QUALE SOLUZIONE QUINDI?

RICOMINCIARE A SENTIRSI SICURI

TORNARE CON I PIEDI TERRA

“GROUNDING”

ll concetto di “grounding” può essere considerato, insieme alla respirazione, uno dei
pilastri della teoria e della pratica bioenergetica. Nonostante non vi sia un termine
corrispondente in italiano, il grounding può essere definito come “radicamento”,
ovvero la capacità dell’individuo di sentirsi ancorato, “radicato” appunto, al terreno. Il
grounding in bioenergetica riveste un significato ampio che coinvolge allo stesso
tempo una dimensione psicologica ed una condizione specificatamente corporea.

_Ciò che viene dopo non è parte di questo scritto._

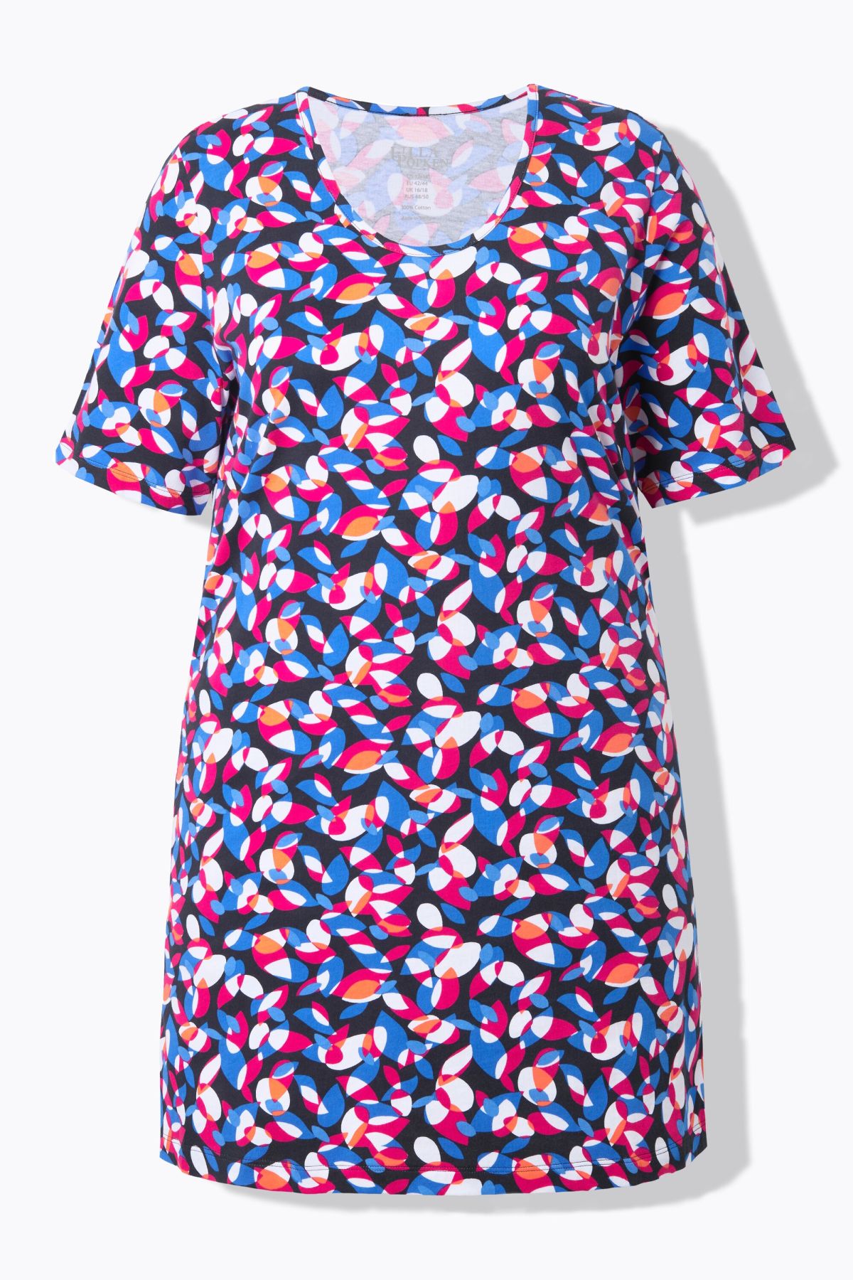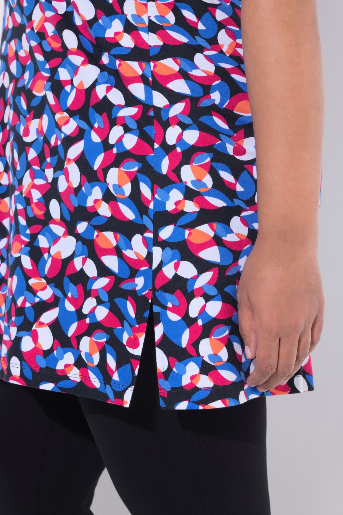 Туника с графичен принт. Свободно кръгло деколте, къси ръкави с маншет, класическа кройка с А-силует. Изработена от мек и еластичен памучен трикотаж.

Il sentimento di sicurezza interiore ha origine nelle prime fasi di vita del bambino e in
particolare in quelle esperienze di cura amorevoli ed accoglienti che la madre ha
saputo donare. Alla nascita il bambino, infatti, dipende dalla madre per il
sostentamento. Questo sentimento per il neonato e per il bambino è qualcosa di più del
nutrimento, il bambino ha bisogno di amore, sicurezza, di soddisfazioni narcisistiche.
Interessante a tal proposito è il famoso studio sulle scimmie di Harlow (1958) in cui egli
dimostrava che la necessità di contatto fisico è un bisogno primario e indipendente da
quello relativo al soddisfacimento dei bisogni fisiologici, e che il legame di
attaccamento madre-figlio è qualcosa di più che l’esito di un rapporto strumentale
finalizzato all’ottenimento di cibo da parte del cucciolo. Questa stesso nutrimento di cui
necessita il bambino è rintracciabile nel sentimento di grounding materno.

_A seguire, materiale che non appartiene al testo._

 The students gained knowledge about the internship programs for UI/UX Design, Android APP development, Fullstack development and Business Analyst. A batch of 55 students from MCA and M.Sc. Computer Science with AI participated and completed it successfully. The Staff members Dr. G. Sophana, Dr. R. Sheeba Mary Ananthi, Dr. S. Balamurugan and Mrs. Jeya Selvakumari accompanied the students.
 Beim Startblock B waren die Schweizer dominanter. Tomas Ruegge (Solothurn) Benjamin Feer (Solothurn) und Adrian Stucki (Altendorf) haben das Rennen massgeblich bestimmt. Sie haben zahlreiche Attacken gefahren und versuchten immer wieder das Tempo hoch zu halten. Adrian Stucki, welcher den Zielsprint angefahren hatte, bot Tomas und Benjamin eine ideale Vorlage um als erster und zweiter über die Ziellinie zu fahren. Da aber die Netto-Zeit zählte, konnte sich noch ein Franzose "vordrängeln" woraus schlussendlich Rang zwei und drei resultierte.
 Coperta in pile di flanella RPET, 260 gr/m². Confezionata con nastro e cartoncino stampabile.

Il grounding è simile alla messa a terra di un circuito elettrico ad alta tensione, che ha
la funzione di scaricare l’energia e l’eccitazione del corpo in eccesso. Così come in un
sistema elettrico, nell’organismo un accumulo di carica potrebbe essere altrettanto
pericoloso se le basi non sono sufficientemente solide. Ecco perché un solido
radicamento con il suolo permette, non solo un sostegno maggiore, ma anche una
maggior capacità di sostenere e mantenere uno stato di forte carica emotiva senza
entrare in stato di sovreccitazione o di ansia.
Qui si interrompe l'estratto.